These workloads lean on VectorCypher’s knowledge graph, so they’re best on PostgreSQL + Neo4j (make dev). Pass --config examples/khora.standard.yaml to point at that stack. They also run on the zero-infra embedded backend (pip install "khora[sqlite-lance]" + OPENAI_API_KEY), but entity vectors aren’t indexed there yet, so write-time dedup and some graph reads degrade.
WorkloadTeaches
Support-ticket graphVector search vs. multi-hop graph traversal
Namespace versioningThe dual-UUID model and the storage API
Resume searchFull extraction + cross-document entity resolution

Support-ticket knowledge graph

Ingest ~100 support tickets, then ask two shapes of question. “Tickets about login failures” is a ranked-list problem. Vector search nails it. “Give me context around Acme Logistics” is a neighborhood problem. The answer is Acme’s tickets, the products Acme uses, the agents handling them, the error categories, and other customers on the same products.
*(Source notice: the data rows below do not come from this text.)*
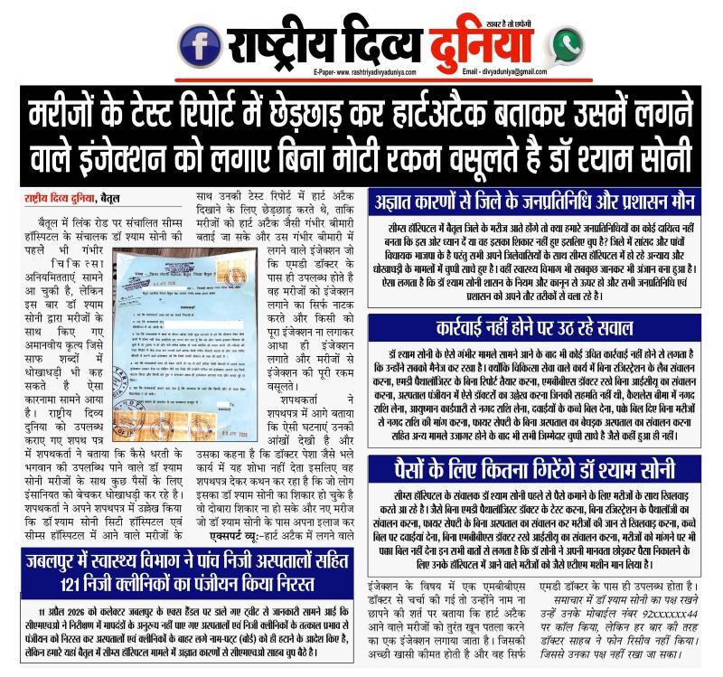 बैतूल (हेडलाइन)/नवल वर्मा। बैतूल में लिंक रोड पर संचालित सीम्स हॉस्पिटल के संचालक डॉ. श्याम सोनी की पहलेे भी गंभीर चिकित्सा अनियमितताएं सामने आ चुकी है, लेकिन इस बार डॉ. श्याम सोनी द्वारा मरीजों के साथ किए गए अमानवीय कृत्य जिसे साफ शब्दों में धोखाधड़ी भी कह सकते है ऐसा कारनामा सामने आया है? राष्ट्रीय दिव्य दुनिया को उपलब्ध कराए गए एक शपथ पत्र में शपथकर्ता ने बताया कि कैसे धरती के भगवान की उपलब्धि पाने वाले डॉ. श्याम सोनी मरीजों के साथ कुछ रुपयों के लिए इंसानियत को बेचकर धोखाधड़ी कर रहे है? शपथकर्ता ने अपने शपथपत्र में उल्लेख किया कि डॉ. श्याम सोनी सिटी हॉस्पिटल एवं सीम्स हॉस्पिटल में आने वाले मरीजों के साथ उनकी टेस्ट रिपोर्ट में हार्ट अटैक दिखाने के लिए छेड़छाड़ करते थे, ताकि मरीजों को हार्ट अटैक जैसी गंभीर बीमारी बताई जा सके और उस गंभीर बीमारी में लगने वाले इंजेक्शन जो कि एमडी डॉक्टर के पास ही उपलब्ध होते है वह मरीजों को इंजेक्शन लगाने का सिर्फ नाटक करते और किसी को भी पूरा इंजेक्शन ना लगाकर आधा ही इंजेक्शन लगाते और मरीजों से इंजेक्शन की पूरी रकम वसूलते?
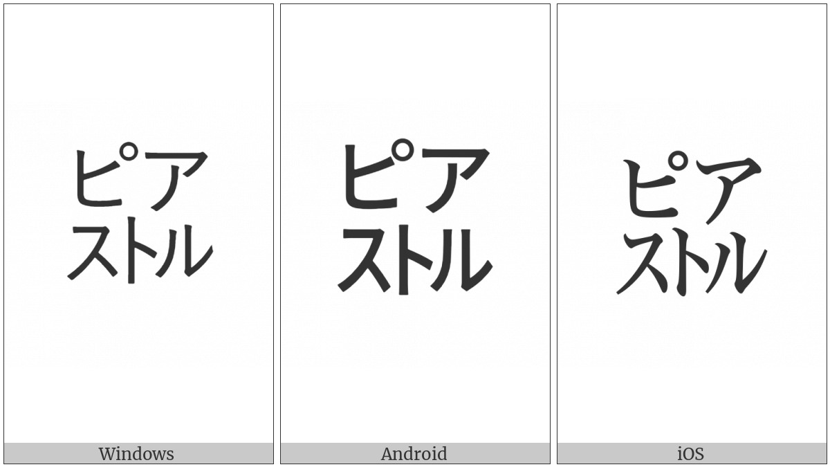 The image below shows how the “Square Piasutoru” symbol might look like on different operating systems. If the font in which this web site is displayed does not contain the symbol and there is no fallback font able to render it, you can use the image below to get an idea of what it should look like.
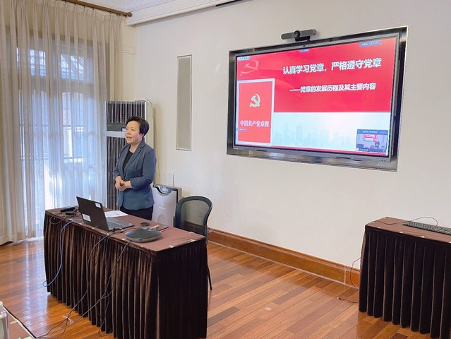 党委副书记胡敏老师开启了党训班的第一讲,她以 “认真学习党章,严格遵守党章”为题,向党训班的师生介绍了中国共产党章程的重要地位,对党章的发展历程、基本架构和重要修改内容进行了系统的阐释。胡敏副书记运用大量历史史料和精彩案例,为学员们进一步坚定理想信念提供了很好的启发和教育,同时也对学员们寄予了殷切的希望。
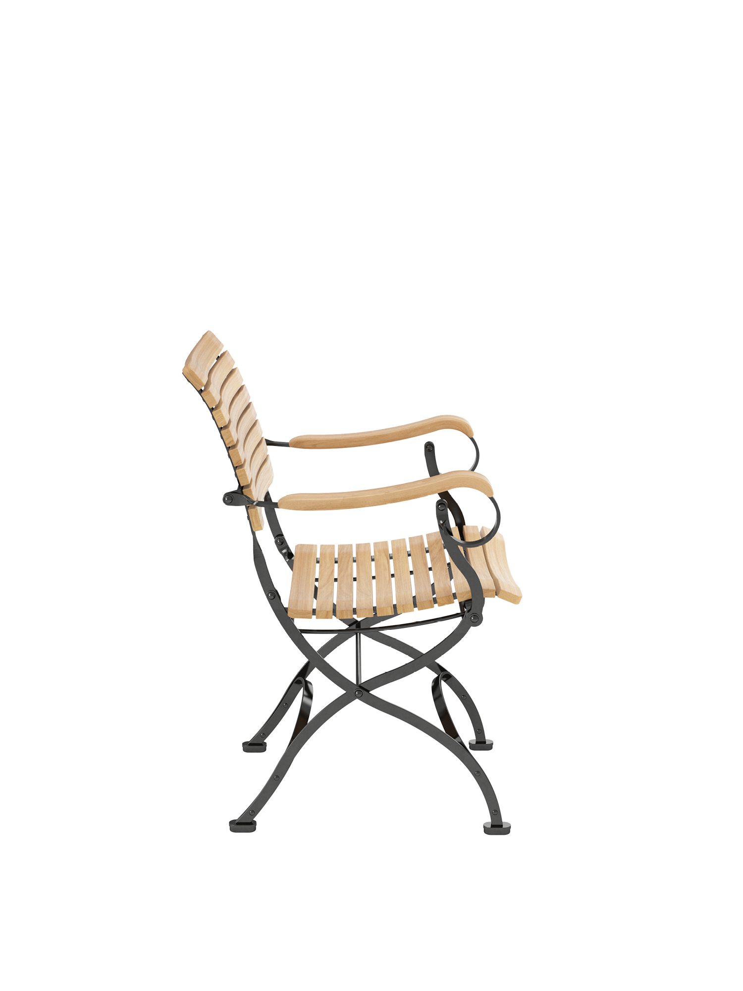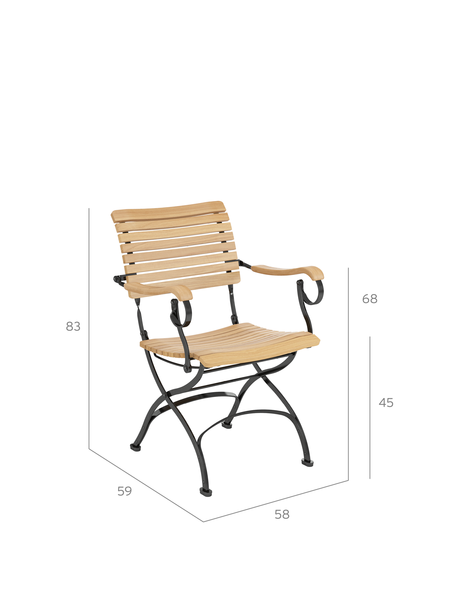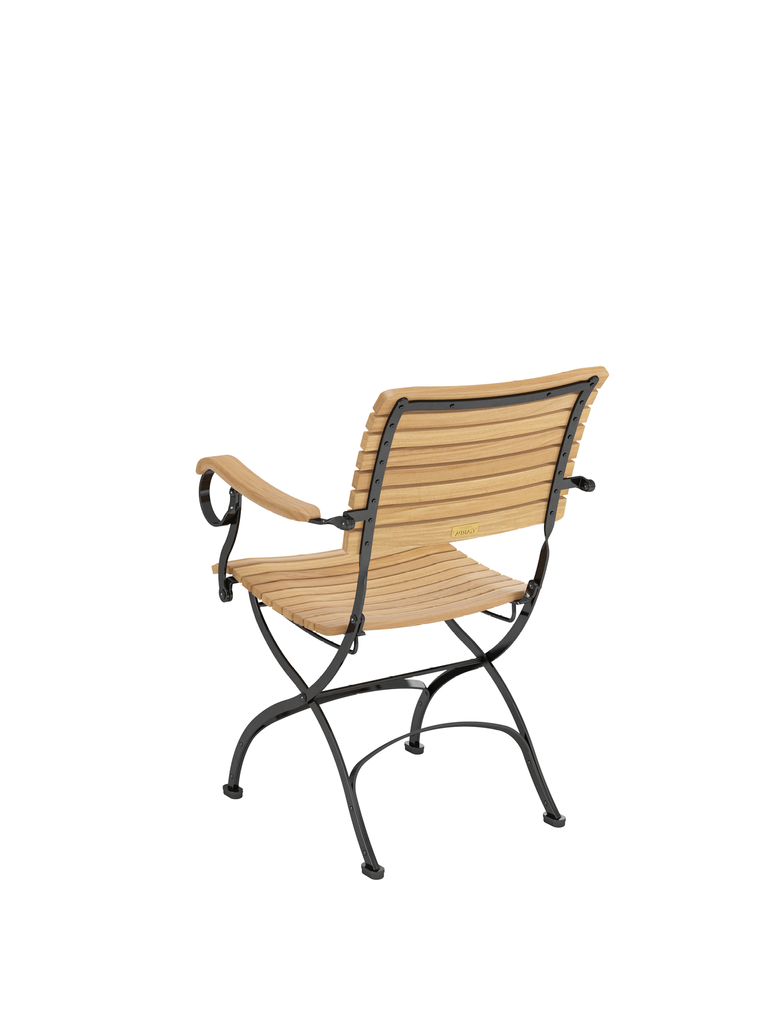 Er gilt als Prototyp des Gartenstuhls, nur sitzt man heutzutage ungleich bequemer. Garpa hat das Original für höchste Ansprüche perfektioniert. Die massiven Teakleisten von Sitz und Rückenlehne folgen der Anatomie des Körpers, die Armlehnen schmeicheln der Hand und entlasten den Körper. Das Gestell besteht aus verzinktem, pulverbeschichtetem Stahl. Zusammengefaltet ist der Armlehnstuhl nur 15 Zentimeter schmal.
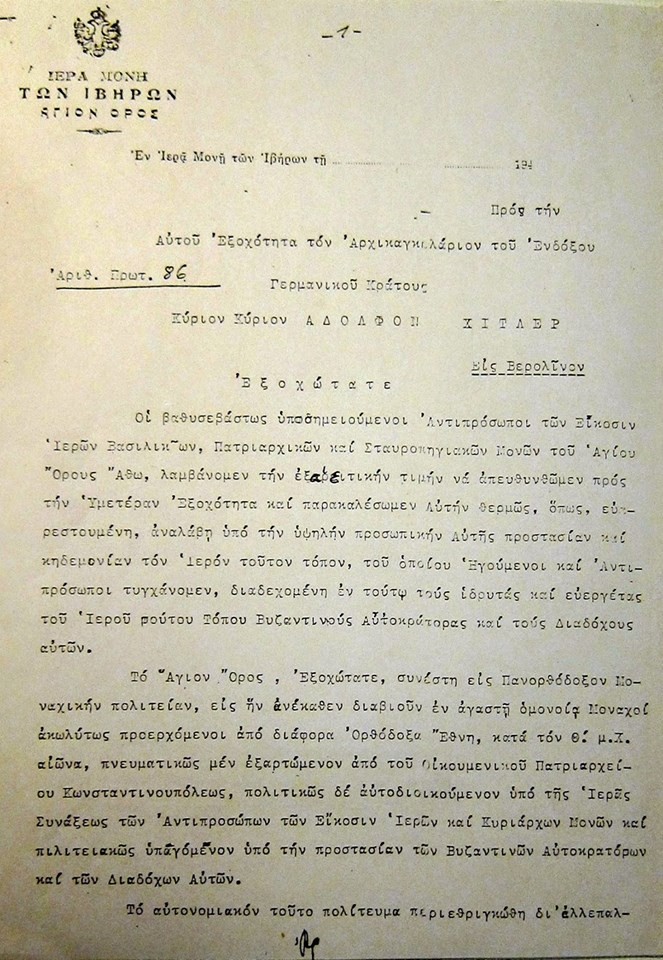 Δεν ξέρω για το φύλο, αλλά οι Αθωνίτες δεν αλλάζουν το φύλλο, και στέλνουν οργισμένες επιστολές. Το συνηθίζουν αυτό, να στέλνουν δριμείες και εισαγγελικές επιστολές εκεί που μπορούν, χατζηαβάτικες εκεί που δεν τους παίρνει…. Να, ας πούμε, πριν από 76 χρόνια, τον Ιούλιο του 1941, είχαν στείλει μια επιστολή, με αριθμό πρωτοκόλλου 86, προς την «Αυτού Εξοχότητα τον Αρχικαγκελάριον του ενδόξου Γερμανικού Κράτους Κύριον Κύριον Αδόλφον Χίτλερ». Σ’ αυτή την επιστολή λοιπόν οι Αντιπρόσωποι των είκοσι Μονών «παρακαλούν θερμώς την Υμετέρα Εξοχότητα, όπως ευαρεστούμενη, αναλάβη υπό την υψηλήν, προσωπικήν Αυτής προστασίαν και κηδεμονίαν τον Ιερόν τούτον τόπον, του οποίου Ηγούμενοι και Αντιπρόσωποι τυγχάνομεν, διαδεχομένη εν τούτω τους ιδρυτάς και ευεργέτας του ιερού τούτου τόπου Βυζαντινούς Αυτοκράτορας και τους διαδόχους αυτών»…

That’s a 2-hop graph walk, not a similarity search. 
batch = await kb.remember_batch(docs, namespace=ns_id,
                                entity_types=["ORGANIZATION", "PRODUCT", "CONCEPT", "PERSON"],
                                relationship_types=["AFFECTS", "ASSIGNED_TO", "RELATES_TO", "MENTIONS"])

# vector shape:
await kb.recall("tickets about login failures", namespace=ns_id, limit=5)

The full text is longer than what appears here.